Methanol extract from the dried ripe fruit of the salt plant was tested in experimental models of castor oil-induced diarrhea in Swiss albino rats. At the classified doses, the extract showed significant antidiarrheal activity . The evidence was an 80.70% reduction in defecation rate of control animals at a dose of 600mg/kg body weight. This extract also reduced MgSO4-induced intestinal secretion and gastrointestinal motility following coal meal administration in albino rats.

5. Uses and dosages

5.1. Uses

  • Leaves: Pain reliever, can stimulate blood circulation, cough up blood, inflammation, laryngitis, abdominal pain, traumatic fracture, increase sperm secretion, snake bite, antitussive, diarrhea.
  • Fruit: Colon, diarrhea, dysentery, jaundice and hepatitis.
  • Seeds: Cough, dysentery, fever, jaundice, hepatitis, malaria and rheumatism.
  • Root: Diarrhea, increased spermatogenesis, malaria, cough treatment, anasarca treatment, jaundice and snakebite.
  • Five-fold: Diarrhea, diabetes, antiseptic, antipyretic, astringent, hemostatic, persistent cough with blood, spontaneous sweating, dysmenorrhea, bloody sputum, burns, hemorrhoids, dental disease , fever, malaria, inflammation, intoxication, aches and pains, skin infections, rectal and bowel cancer .
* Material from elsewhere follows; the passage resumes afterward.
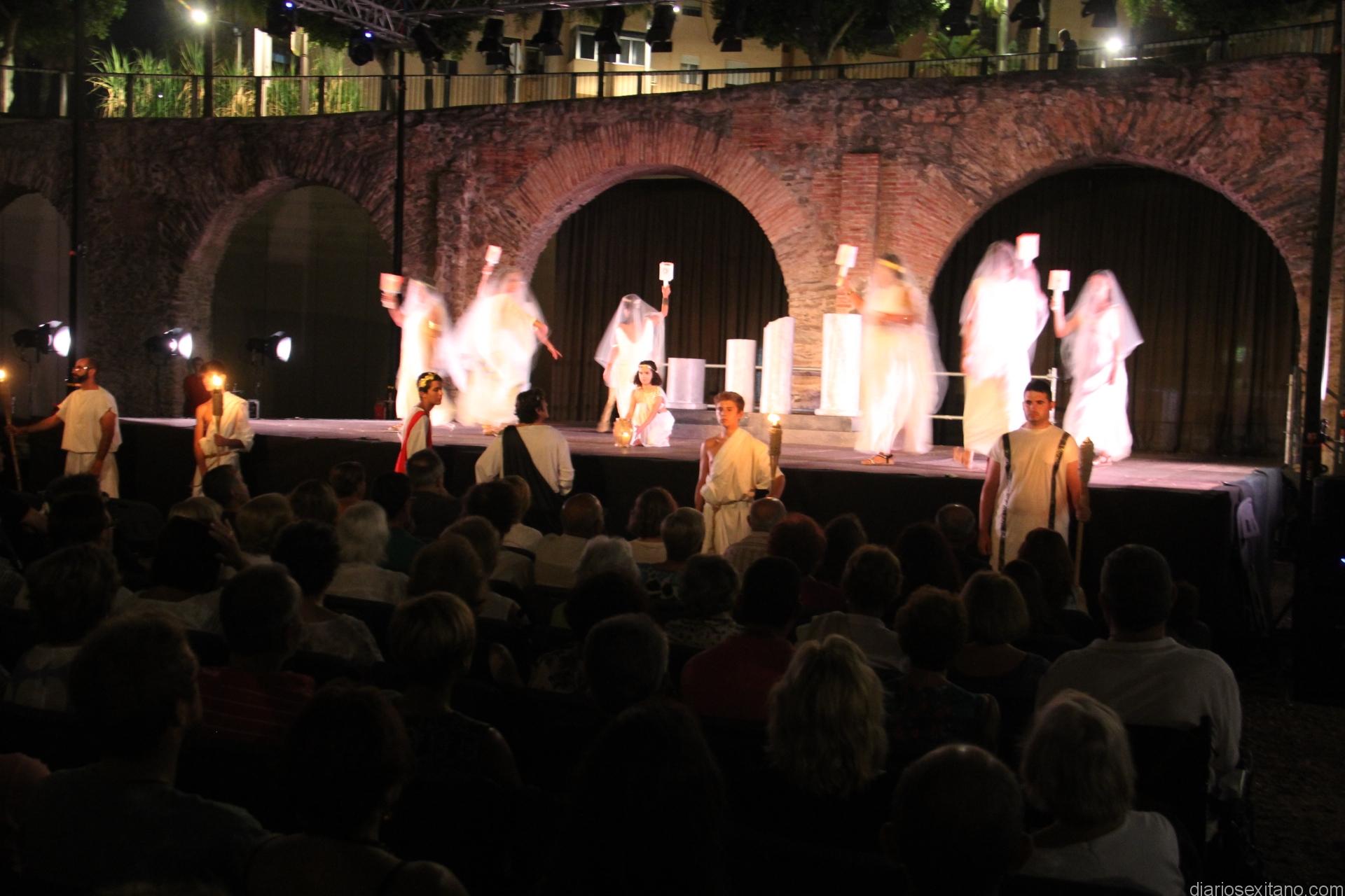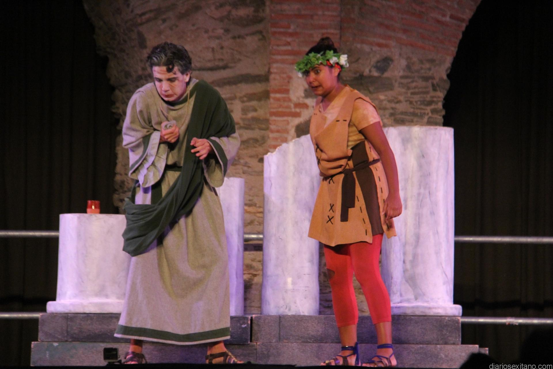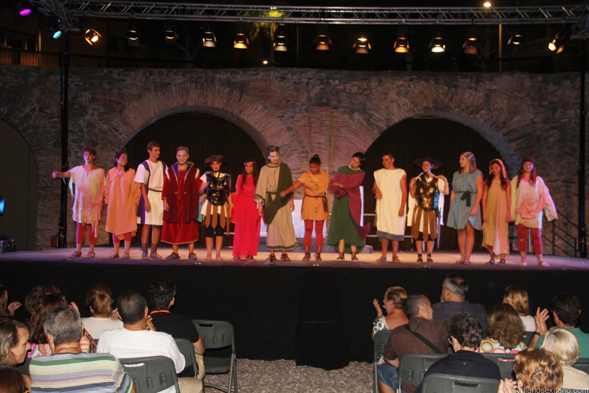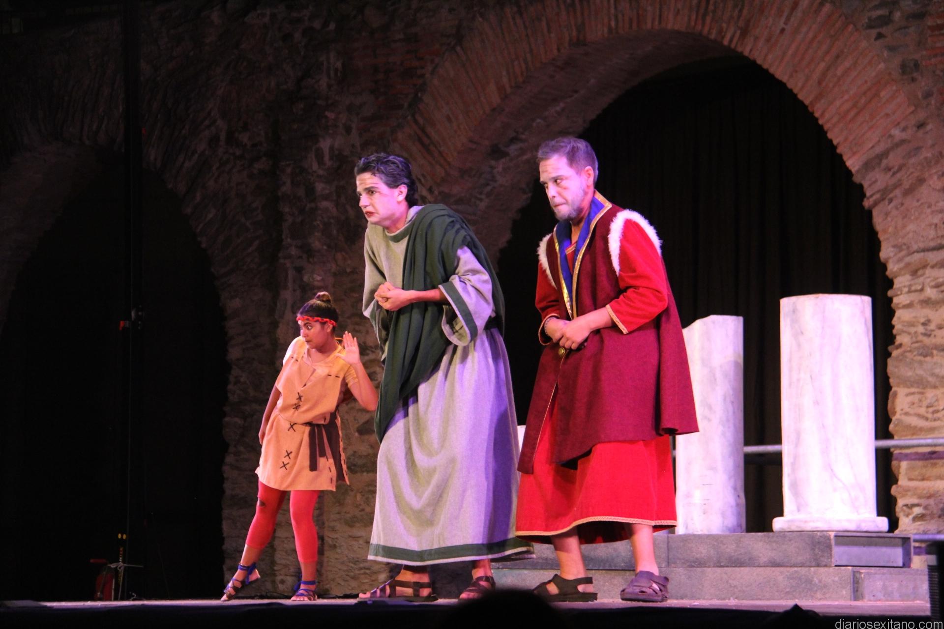 La actuación de la comedia se representó en el escenario habilitado en el complejo monumental del acueducto y termas romanas del centro de Almuñécar, que un año más acoge este evento de máxima categoría en su género.

Salt Tree: A medicinal plant for the digestive tract

This is a medicine with many uses

5.2 Dosage

Day 2-5g decoction form. External use 0.5 - 2g.

6. Experience remedy

  • Treatment of dysentery with blood for a long time: Use Ngu Boi Tu 1 ounce (40g). Alum phi 5 pounds (20g) powdered with paste, drink with rice water each time 2g to 8g. Drink 2-3 times a day.
  • Cure a long-term cough, spitting up blood: Use the five-star vine to crush it, drink 4g each time with tea after a meal. Drink 2-3 times a day.
  • Cure gum ulcers and toothaches: Use Five-way zigzag to rub the floss on the painful area.
  • Burns, sores, wounds: Wash with a solution of 5 - 10% of the five worms.
  • Hydrocephalus: Root bark Salt 4 - 8g, cook drinking water.

In summary, the salt tree is a precious plant with many uses such as antiviral, anti-cancer, anti-diabetes… Traditional medicine uses the salt tree to treat diarrhea, cough, sores, toothache... This article is for reference only. When you want to use the drug, you need to consult the treating doctor. Hope you have had useful knowledge, wish you a lot of joy and health!